Upon completion of her bachelor's degree in Fine Arts at the University of California, Santa Barbara in 1972, Segalove purchased a Sony PortaPak from Naim June Paik’s girlfriend. She returned to Los Angeles and began taking classes with John Baldessari at CalArts. He encouraged Segalove to continue working with collage, with found or appropriated photographs and to reconstruct photographs from popular culture. At CalArts she met David Salle, Robert Longo, and Wolfgang Stoerchle, with whom she shared ideas and collaborated. Segalove made Today’s Program: Jackson Pollock, “Lavender Mist,” 1950, 1974, Gifts/I Love You/Bel Air Menthol, 1975, and If You Live Near Hollywood, You Can't Help But Look Like Some 8x10 Glossy, 1976. Each of these works entailed appropriating existing imagery and collaging it, using it as is, or restaging it in such a way that shows our internalization of the message that the media was selling us.

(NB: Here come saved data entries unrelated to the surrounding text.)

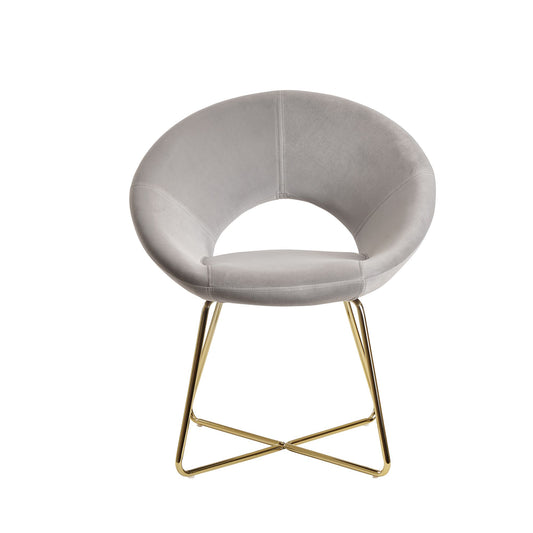eetkamer fluwelen lichtgrijze keukenstoel met gouden poten | Shell stoel stof / metaal | Design gestoffeerde eetkamerstoel | Gestoffeerde stoel
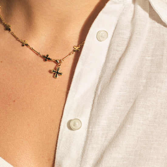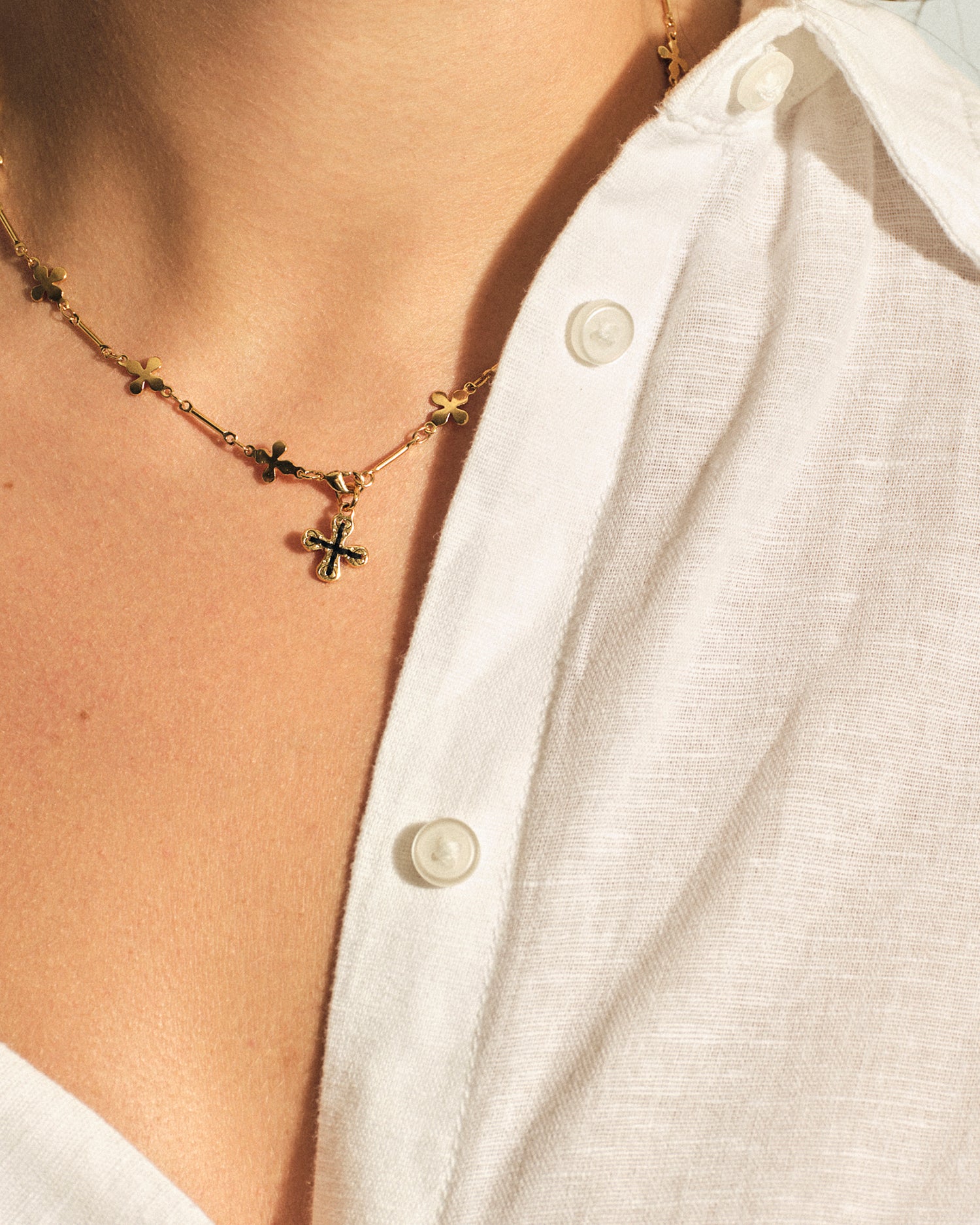 Le collier MILOS court est une chaîne très raffinée et légère, composée de dizaine de mini motif croix KEA.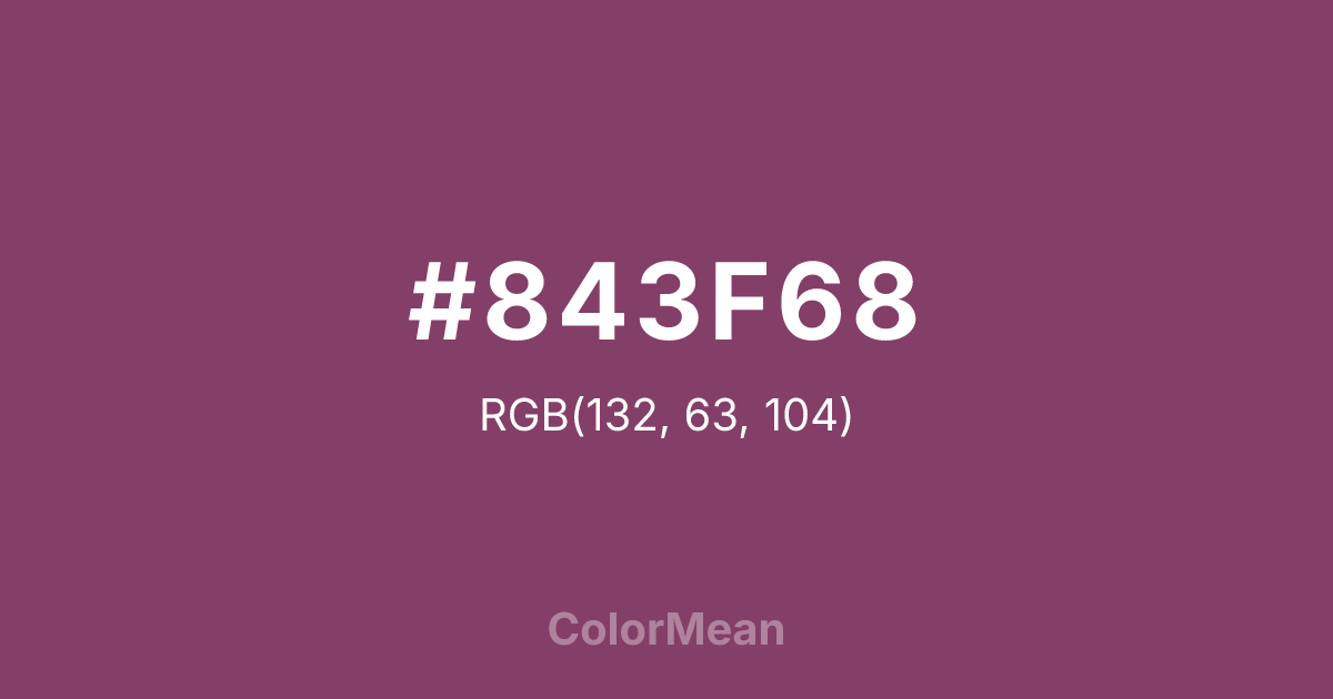 #843F68 RGB value is (132, 63, 104). The hex color red value is 132, green is 63, and blue is 104. Its HSL format shows a hue of 324°, saturation of 35 percent, and lightness of 38 percent. The CMYK process values are 0 percent, 52 percent, 21 percent, 48 percent.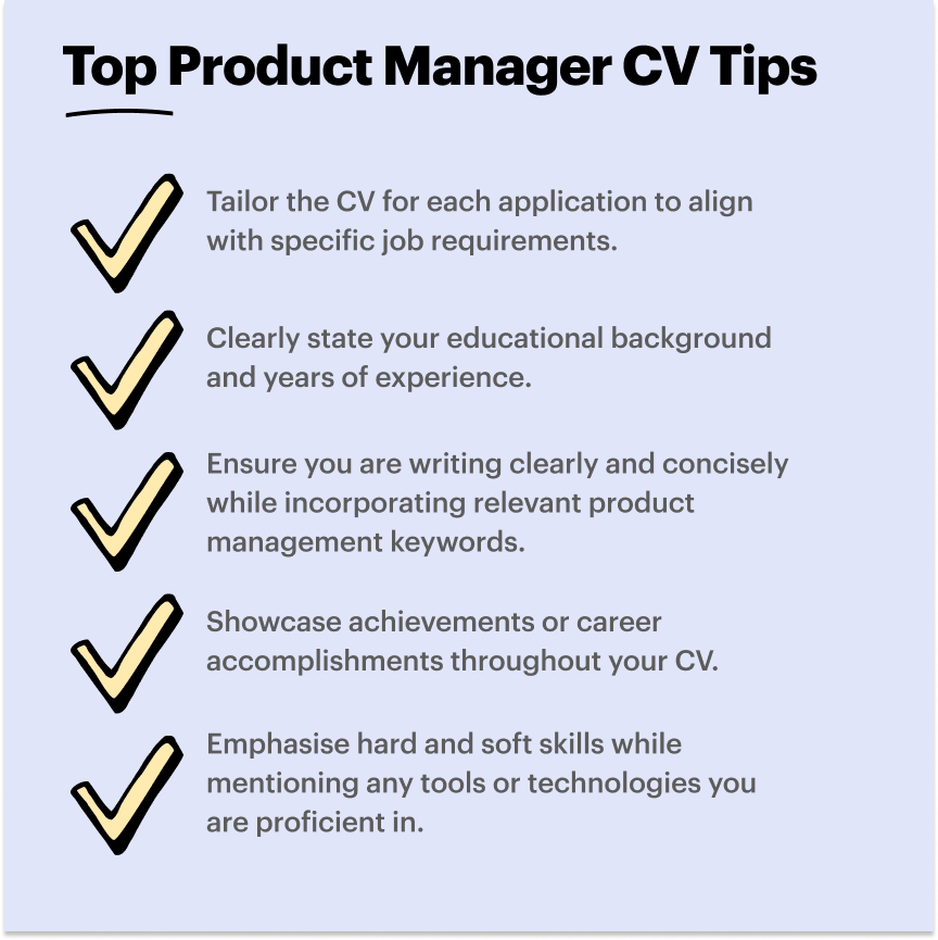 Tailoring your CV to the specific product manager position you're targeting will maximise its impact and relevance.
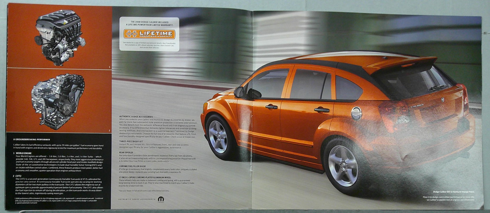 This is an original Dodge sales catalog. It features promotional highlights for the Dodge Caliber with full color pictures and specifications.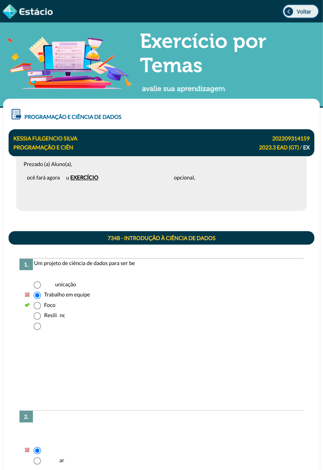 Exercício por Temas avalie sua aprendizagem Um projeto de ciência de dados para ser bem sucedido deve ter um objetivo bem de�nido. A a�rmação anterior diz respeito a qual das alternativas abaixo? A ciência de dados e os resultados que ela proporciona podem ser complexos e difíceis de explicar. Apresentar a abordagem que foi utilizada e as descobertas obtidas a um público não técnico, como a equipe de marketing ou para executivos, é uma tarefa crucial para o cientista de dados. Que ferramenta pode ser utilizada para comunicar os insights de um projeto de ciência de dados de forma e�caz? PROGRAMAÇÃO E CIÊNCIA DE DADOS KESSIA FULGENCIO SILVA 202209314159 PROGRAMAÇÃO E CIÊN 2023.3 EAD (GT) / EX Prezado (a) Aluno(a), Você fará agora seu EXERCÍCIO! Lembre-se que este exercício é opcional, mas não valerá ponto para sua avaliação. O mesmo será composto de questões de múltipla escolha. Após responde cada questão, você terá acesso ao gabarito comentado e/ou à explicação da mesma. Aproveite para se familiarizar com este modelo de questões que será usado na sua AV e AVS. 7348 - INTRODUÇÃO À CIÊNCIA DE DADOS 1. Comunicação Trabalho em equipe Foco Resiliência Controle Data Resp.: 07/12/2023 11:24:34 Explicação: Foco - A coisa mais importante na ciência de dados é a pergunta. A segundo mais importante são os dados. Frequentemente, os dados limitarão ou permitirão você a responder a pergunta. Mas ter dados não pode salvá- lo se você não tiver uma pergunta bem de�nida, um foco. 2. Linguagem de Consulta Estruturada Flip chart javascript:voltar(); javascript:voltar(); javascript:voltar(); javascript:voltar(); Apesar das inúmeras possibilidades e vantagens que a ciência de dados produz para resolver problemas complexos e obter novos insights, a maneira adequada de usar e analisar dados, especialmente na atual sociedade tecnologicamente dependente, continua a enfrentar questões e desa�os éticos. Qual das alternativas abaixo retrata um desses desa�os éticos? Algumas diretrizes são essencial para a condução de projetos de ciência de dados de modo mais transparente e respeitável. Assinale a alternativa que indica quais são essas diretrizes. A ciência de dados resolve problemas reais de negócios através de algoritmos que processam grandes quantidades de informações de maneira rápida e e�ciente.Indique a opção abaixo que descreve uma atividade que para nós seres humanos pode ser difícil de executar, mas que a ciência de dados pode facilmente dar conta. Python Algoritmos Data storytelling Data Resp.: 07/12/2023 11:24:37 Explicação: Data storytelling usa dados para comunicar efetivamente insights. Ela evita que informações críticas sejam perdidas e garante que a mensagem sendo transmitida seja signi�cativa e relevante. 3. Pesquisa com seres humano Privacidade Desmatamento Direitos autorais Justiça Data Resp.: 07/12/2023 11:24:40 Explicação: A privacidade é a primeira preocupação que vem à mente de tantas pessoas quando falamos de ciência de dados. Como tirar valor dos dados e ao mesmo tempo evitar os danos que podem ocorrer devido à coleta, vinculação, análise e propagação dos nossos dados? Essa é uma questão que a ética pode nos ajudar a responder. 4. Consentimento, clareza e controle. Controle, clareza e trabalho em equipe. Consentimento, comunicação e transparência. Gestão de dados. Abordagem centrada no cliente. Data Resp.: 07/12/2023 11:26:20 Explicação: Usuários devem consentir em ter seus dados coletados, ter a clareza de como eles serão posteriormente utilizados e o controle para determinar o que pode ser feito com eles. 5. Armazenamento de grande volume de informações As habilidades de programação são indispensáveis para a ciência de dados. Selecione a alternativa que apresenta as duas linguagens de programação mais populares para ciência de dados. Compartilhar conhecimento com os membros da equipe, ter pensamento crítico e uma atitude voltada à resolução de problemas. Esses são aspectos de uma habilidade indispensável para um cientista de dados. Assinale a alternativa que indica corretamente essa habilidade. Imaginemos que sua empresa desenvolveu uma solução big data para armazenar informações de vários tipos diferentes como documentos comerciais, e-mails, mídias sociais, respostas de pesquisas, imagens, áudio e vídeo. Monitoramento do trânsito urbano Recomendação de �lmes e livros Descubra padrões e tendências em conjuntos de dados para obter insights Procura de preço de passagem área mais barata Data Resp.: 07/12/2023 11:24:58 Explicação: Um dos maiores desa�os que a ciência de dados nos ajuda a superar é obter conclusões úteis a partir de enormes conjuntos de dados. As informações escondidas nos dados podem nos ajudar em uma série de questões que a sociedade enfrenta. 6. Pascal e Scala C# e Cobol Python e R Clipper e Java Fortran e Matlab Data Resp.: 07/12/2023 11:25:02 Explicação: Python é uma das linguagens de codi�cação mais populares usadas em ciência de dados devido à sua versatilidade e ao número de bibliotecas de ciência de dados disponíveis. R também é uma boa linguagem de programação de ciência de dados, pois funciona com várias plataformas e possui muitas bibliotecas para ciência de dados. 7. Visualização dos dados Programação Trabalho em equipe Gerenciamento de tempo Liderança Data Resp.: 07/12/2023 11:25:05 Explicação: Os cientistas de dados não trabalham dentro de uma bolha, e devem reconhecer a importância do trabalho em equipe e colaborar efetivamente com os outros. Eles precisam ouvir os outros membros da equipe e usar seu conhecimento em benefício da equipe. 8. Como podemos classi�car esse tipo de informação? A inteligência arti�cial possui diversos subcampos. Qual é o campo de estudo que utiliza algoritmos e modelos estatísticos para aprender por meio de inferência e padrões sem

In addition to working with Baldessari and found imagery, Segalove was also exposed to the ideas germinating in the Feminist Art Program at CalArts which encouraged her to continue to train her camera on her personal experiences. In Mother’s Treasures, 1974, she sequences a series of photographs of her mother sitting on the patio showing different works of art that Segalove had made throughout her childhood. These works included captions that told the story of her life in art through her mother’s eyes, her success and failures, and admonishments for not dating them and sometimes not even putting her name on them. The irony in this account foretells what was soon to be unleashed in the mother/daughter relationship that Segalove interrogated throughout her early career as an artist.

Video Art and the Vox Populi
Segalove completed the graduate program in Communication Arts at Loyola Marymount University, earning her master’s degree in 1975. At Loyola she honed the techniques of writing, directing and producing primarily for commercial output, but also continued making video art. She met Hildegarde Duane and they began to use each other as subjects or actors in their works. The two women shared a similar aesthetic and sentiment about artists using the media of video and photography to tell the stories of what it was like to be a woman. During this time The Mom Tapes, 1974-1978, in which Segalove trained her camera on her mother and their relationship, began to take shape. She was utilizing the interviewing strategies that she had learned while making Telethon and employing the new techniques acquired in the commercial television program at Loyola. In Secret Places, 1977, in which she photographs and prints so darkly that it is almost not discernible, places where she hid, lived and loved. Despite tapping into the personal, Segalove always infused her work with humor and irony. This stemmed from her childhood desire to become a cartoonist and has said that it informed her narrative style and interest in commenting on popular culture. According to her gallerist Tom Jancar, other influences on her video work include the satirical voices found in Mad Magazine and the work of William Hogarth and Honoré Daumier.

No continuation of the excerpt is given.